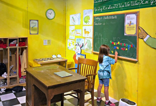 It takes about 30 minutes to explore Arthur’s™ World, but you can stick around for much longer if you have kiddos who move at my son’s pace. Personally, I liked taking the time to pop back into each vignette for repeat reads of each "parent tip." These were great little tidbits to take away! I especially liked the ones posted up around the school, suggesting that you make practicing spelling words into a fun quiz show game at home, or practice for the annual gym fitness test by doing sit-ups and push-ups together. Since Arthur's™ World is included with regular LSC tickets, visitors have access to the rest of the 300,000 sqaure-foot learning center before or after the exhibit, plus the family-friendly restrooms, a nursing room, vending machines, and a cafe with plenty of kids' options.
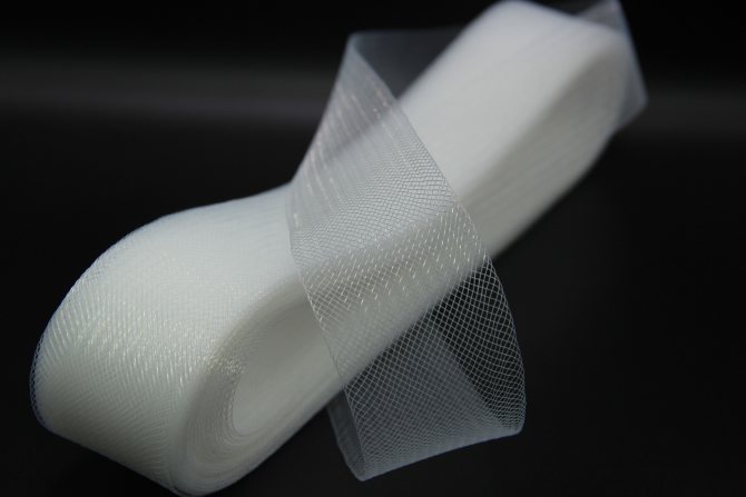 - Ленточный регилин — сеть, сплетенная из волокон. Ее используют, когда хотят создать юбке легкие волны.
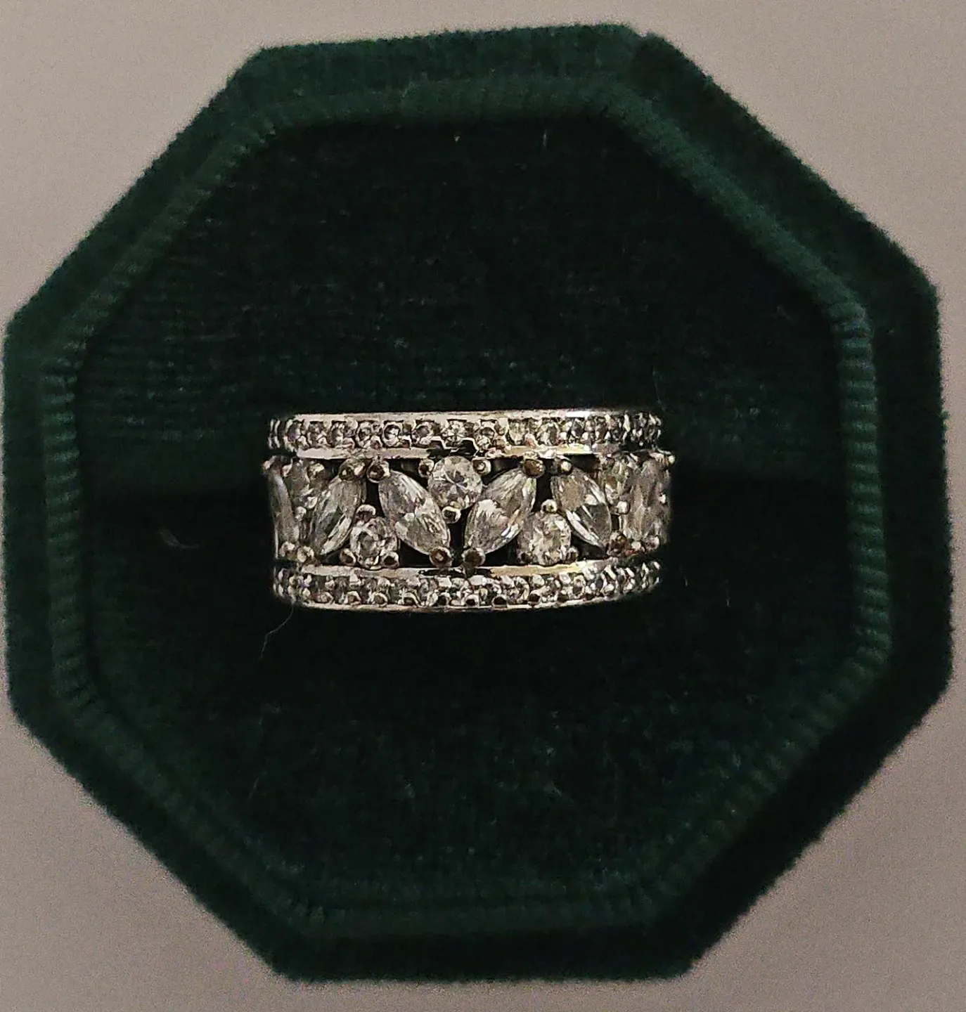 This ring features a beautiful band design with marquise and round-cut stones, surrounded by smaller accent stones. Sterling Silver Stamped
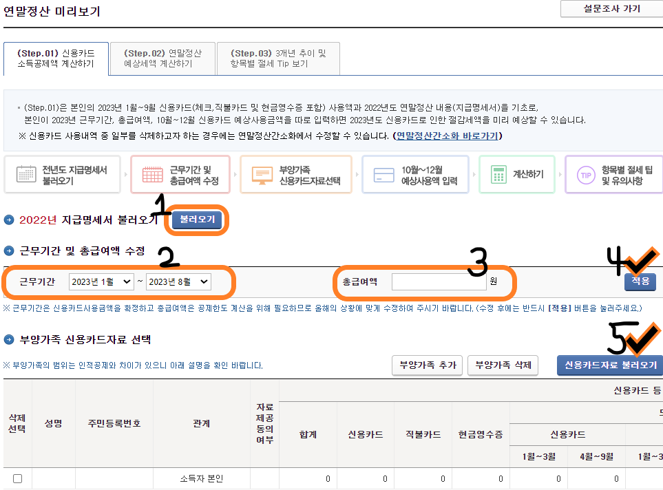 5. 부양가족이 있다면 부양가족 추가 후 신용카드 자료를 불러옵니다.
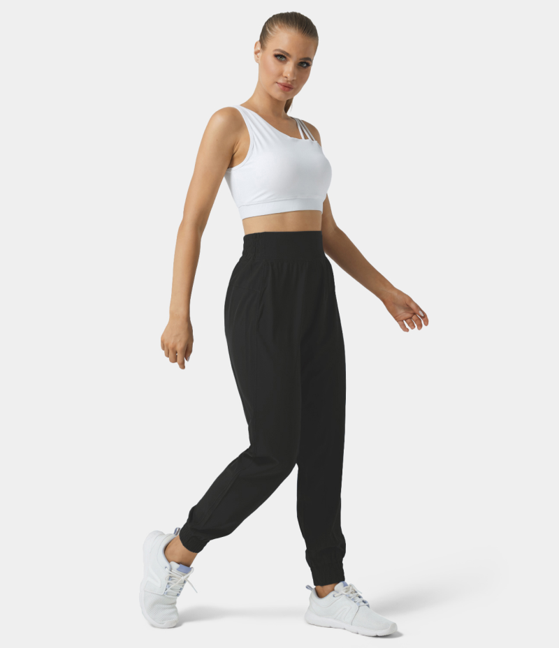 :: Halara High Waisted Elastic Waistband Casual Women's Jogger Black | 529187-JLN
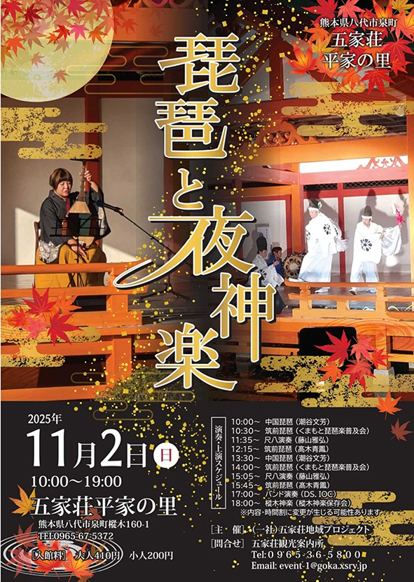 紅葉が美しい五家荘「平家の里」で、中国琵琶や筑前琵琶、尺八の演奏、樅木神楽が楽しめます。
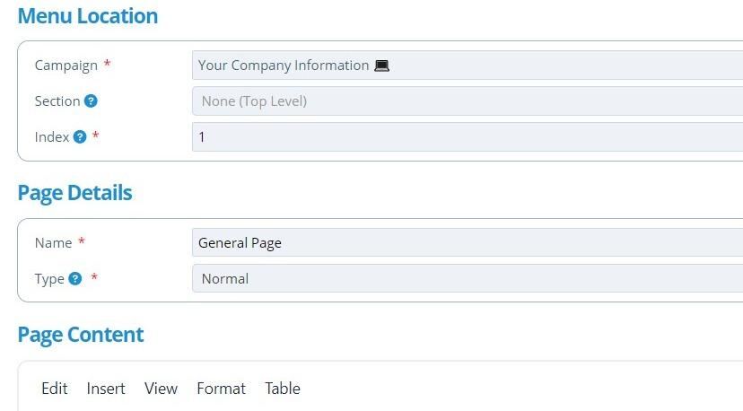 The type of page chosen will determine the layout of the webpage as each has a pre-defined structure. The "Normal" page type is empty, so can be customised as required. See the preview below with custom content added to it.
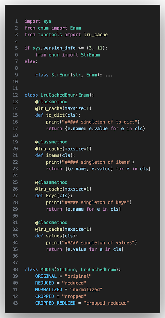 Читаючи How to get all values from python enum class? знайшов цікаве для себе рішення для застосування class enum.Enum Python у парі з @functools.lru_cache .
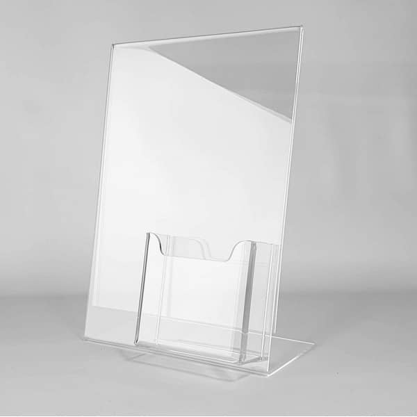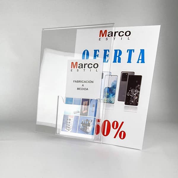 Portacarteles de metacrilato A3 con portafolletos 1/3 A4
◆ ◆ ◆ ◆ ◆
Reproduce exactly, and only, the part of the entries above that runs from the line with "5. 부양가족이 있다면 부양가족 추가 후 신용카드 자료를 불러옵니다." to the last line, both included. Pictures stay out.

 5. 부양가족이 있다면 부양가족 추가 후 신용카드 자료를 불러옵니다.
 :: Halara High Waisted Elastic Waistband Casual Women's Jogger Black | 529187-JLN
 紅葉が美しい五家荘「平家の里」で、中国琵琶や筑前琵琶、尺八の演奏、樅木神楽が楽しめます。
 The type of page chosen will determine the layout of the webpage as each has a pre-defined structure. The "Normal" page type is empty, so can be customised as required. See the preview below with custom content added to it.
 Читаючи How to get all values from python enum class? знайшов цікаве для себе рішення для застосування class enum.Enum Python у парі з @functools.lru_cache .
 Portacarteles de metacrilato A3 con portafolletos 1/3 A4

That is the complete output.